Asha mengangguk, mulai membereskan beberapa barang yang berada di atas meja untuk ia masukkan ke dalam tas ranselnya, berpamitan kepada Maya dan Anneth lalu menarik Brian untuk segera pergi, ia harus membuktikannya sendiri.
Maya menatap kepergian mereka berdua hingga masuk ke dalam tanpa ada niatan ingin mengikuti, tugasnya adalah hanya menjadi pembaca yang baik dengan tidak ikut tercebur dalam masalah si penulis.

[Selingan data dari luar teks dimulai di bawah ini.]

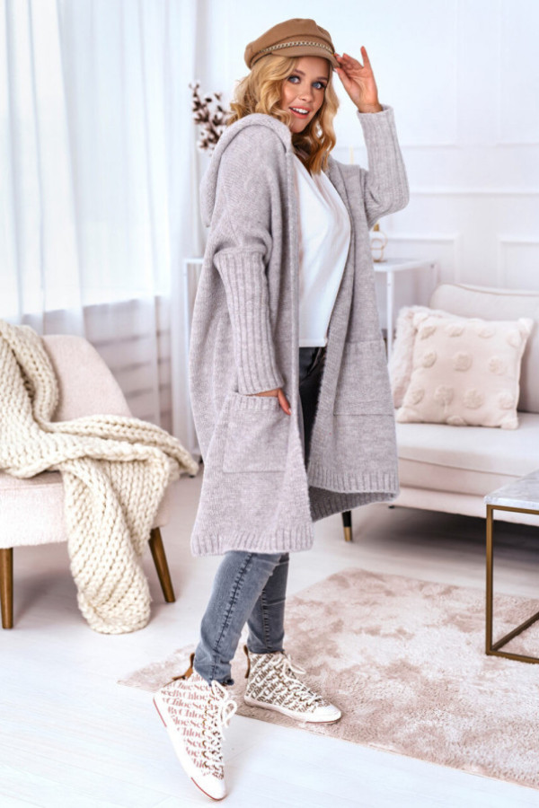 Przyjemny w dotyku kardigan o oversizowym kroju. Oryginalny napis na plecach. Model posiada dwie naszyte kieszenie i obszerny kaptur. Zakończony długimi ściągaczami.

Asha menutup pintu mobil Brian dengan cukup keras hingga membuat seseorang yang masih di berada di dalam sana sedikit terkejut. Gadis itu sekarang berlari memasuki sebuah cafe dimana Banyu dan Yeremias berada. Hampir satu bulan berada di dekat Mahesa membuat Asha hafal jadwal mata kuliah serta tempat nongkrong mereka.
“Kak Banyu!!” Asha berteriak sembari berjalan mendekati Banyu dan Yeremias yang sedang asik bersenda gurau di meja paling pojok membuat para pengunjung memandang Asha bingung, begitu pula dengan Banyu serta Yeremias.

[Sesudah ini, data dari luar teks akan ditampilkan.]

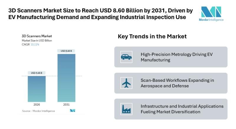 According to Mordor Intelligence, the 3D scanners market reached a value of USD 4.65 billion in 2026 and is projected to grow to USD 8.60 billion by 2031, registering a CAGR of 13.11% over the forecast period. This growth is supported by consistent adoption across manufacturing, healthcare, construction, and aerospace sectors, reinforcing a strong 3D scanner market forecast shaped by the need for tighter tolerances, traceable quality records, and faster product validation cycles.

“Kak Mahesa ada masuk kelas nggak tadi?” tanyanya yang langsung duduk di depan mereka tanpa meminta persetujuan terlebih dahulu.

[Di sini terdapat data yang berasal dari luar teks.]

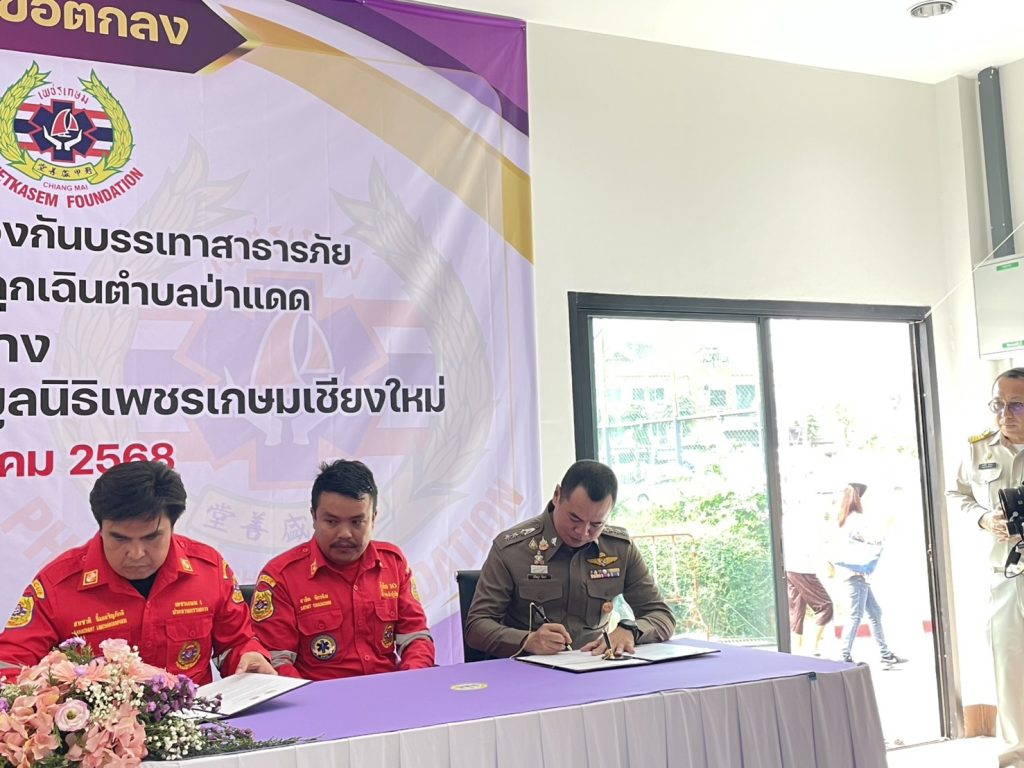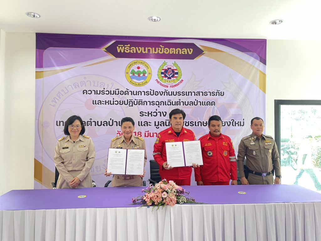 18 มี.ค.2568 เวลา 09.30 น.พ.ต.อ.ปรัชญา ทิศลา ผกก.สภ.เมืองเชียงใหม่ ร่วมกับ นายรุ่งปรีชา ปั๋นแก้ว นายกเทศมนตรีเทศบาลตำบลป่าแดด กต.ตร. สภ.เมืองเชียงใหม่ ร่วมเป็นเกียรติและสักขีพยาน ในการทำบันทึกข้อตกลง (MOU) ความร่วมมืองานป้องกันบรรเทาสาธารณะภัย และด้านการแพทย์ฉุกเฉิน ต.ป่าแดด ระหว่าง เทศบาลตำบลป่าแดด และมูลนิธิเพชรเกษม สาขาเชียงใหม่ ณ ศาลาเอนกประสงค์สุสานท่าวังตาล ต.ป่าแดด

Brian yang baru saja masuk ke dalam cafe berjalan dengan terburu-buru mendekati mereka bertiga, ia berusaha mencegah Asha jika tiba-tiba gadis itu kehilangan kendali karena emosinya, padahal yang bersumbu pendek di sini sebenarnya adalah Brian.
“Nggak masuk tadi anaknya, gue telfon juga nggak diangkat,” ucap Banyu sembari menggelengkan kepalanya.
Seketika Asha mematung, bahkan Mahesa juga tidak memberi kabar Banyu dan Yeremias. Banyu menyipitkan matanya, ia merasa ada yang tidak beres dengan Asha. Begitu juga dengan Brian, lelaki itu tidak biasanya memasang wajah seserius ini jika bertemu dengan mereka berdua.
“Kalian berdua tau kalau kak Mahesa sama kak Anneth dulunya pernah deket?” Asha kembali bertanya. Kedua senior itu saling pandang, sudah dimulai ternyata, batin mereka.
Yeremias mengangguk, “Kak Anneth emang pernah deket sama Mahesa, tapi kita nggak tau kenapa akhirnya mereka kayak musuh gitu, iya kan Bay?” jelasnya lalu menyenggol dengan keras kaki Banyu hingga membuat lelaki itu langsung mengangguk, mereka berdua sengaja berbohong agar Asha bisa mencari tau sendiri karena keduanya juga tidak ingin mencampuri urusan percintaan Mahesa yang seperti benang kusut ini.
Asha membuang nafasnya kasar, Banyu dan Yeremias tidak tau dimana Mahesa berada. Satu-satunya cara sekarang adalah ia harus pergi ke apartemen Mahesa, mencari tau apakah sosok itu masih di apartemen atau pergi seperti dugaan Anneth.
“Bri, anterin ke apartemennya kak Mahesa,” pinta Asha lalu kembali menarik lengan Brian dan pergi tanpa berpamitan kepada kedua pemuda itu.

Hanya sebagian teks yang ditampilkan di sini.